■ **SOURCE DATA**

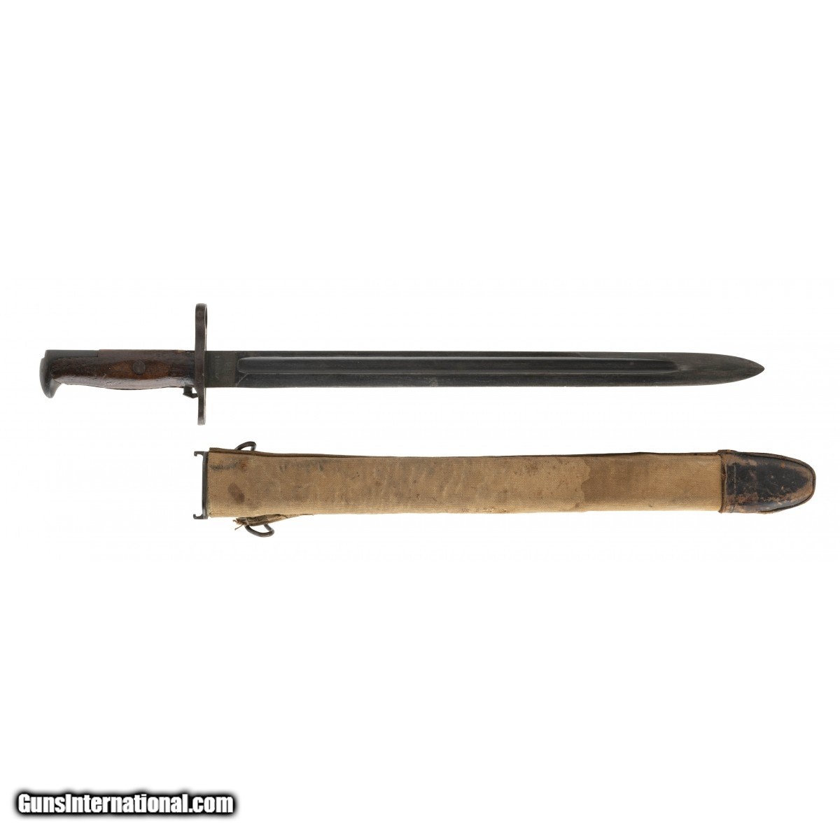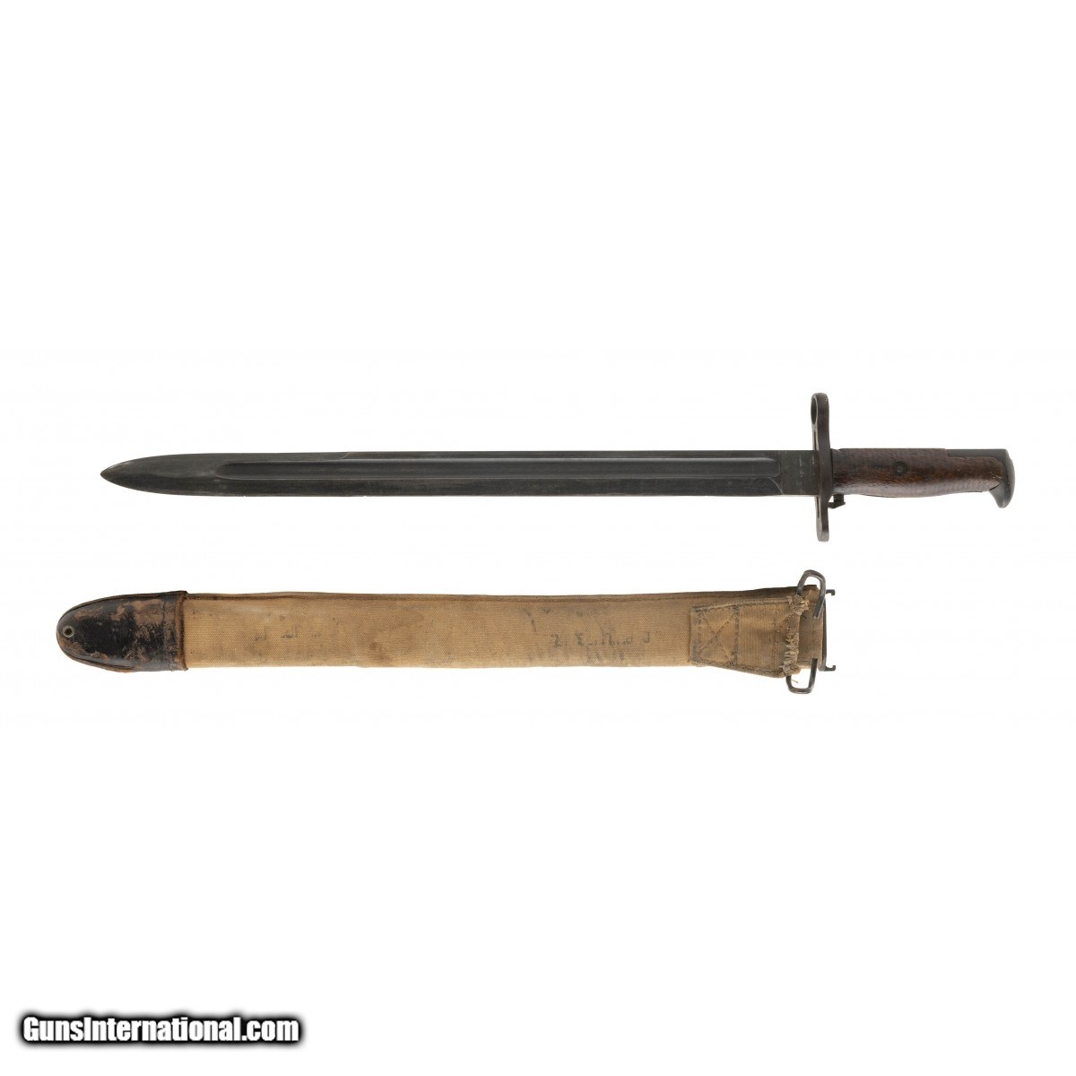 Description: " US 1905 Bayonet in very good condition.Canvas covered scabbard is scarce. SOLD |
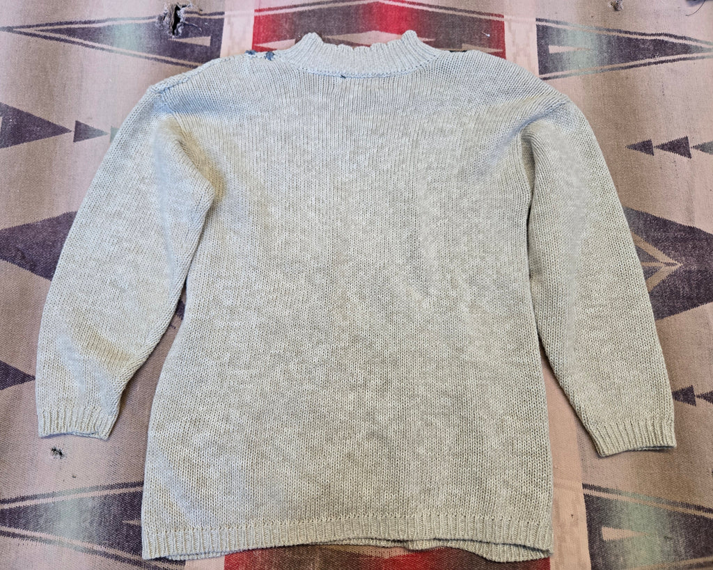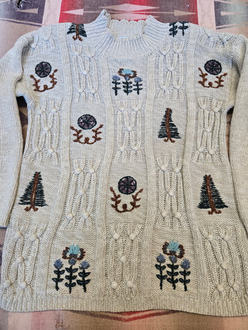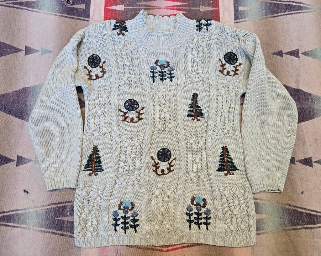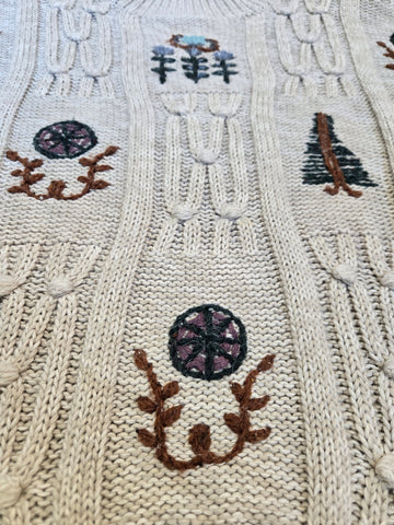 Vintage 1990s off white knit sweater with pine trees and flowers embroidered design and shoulder pads
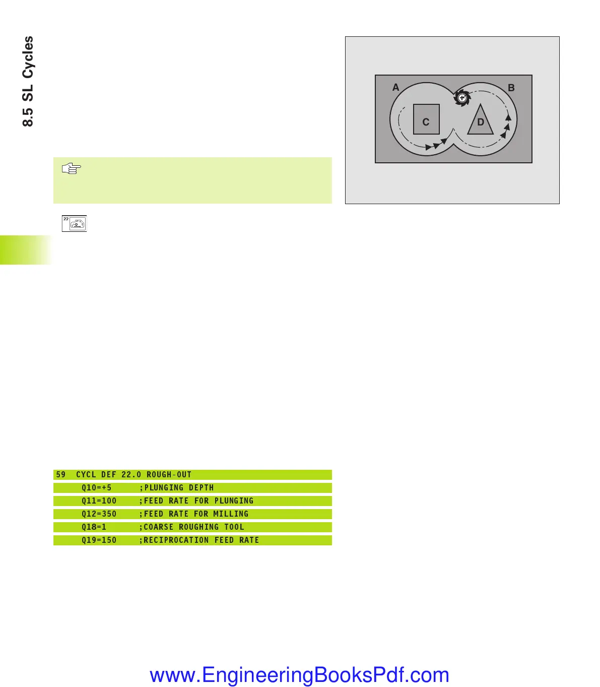 4 Then the pocket contour is rough-milled and the tool is retracted

■ **TASK TO COMPLETE**
Please produce an exact copy of all the material, leaving out the pictures.

■ **ANSWER TO THE EXERCISE**
 Description: " US 1905 Bayonet in very good condition.Canvas covered scabbard is scarce. SOLD |
 Vintage 1990s off white knit sweater with pine trees and flowers embroidered design and shoulder pads
 4 Then the pocket contour is rough-milled and the tool is retracted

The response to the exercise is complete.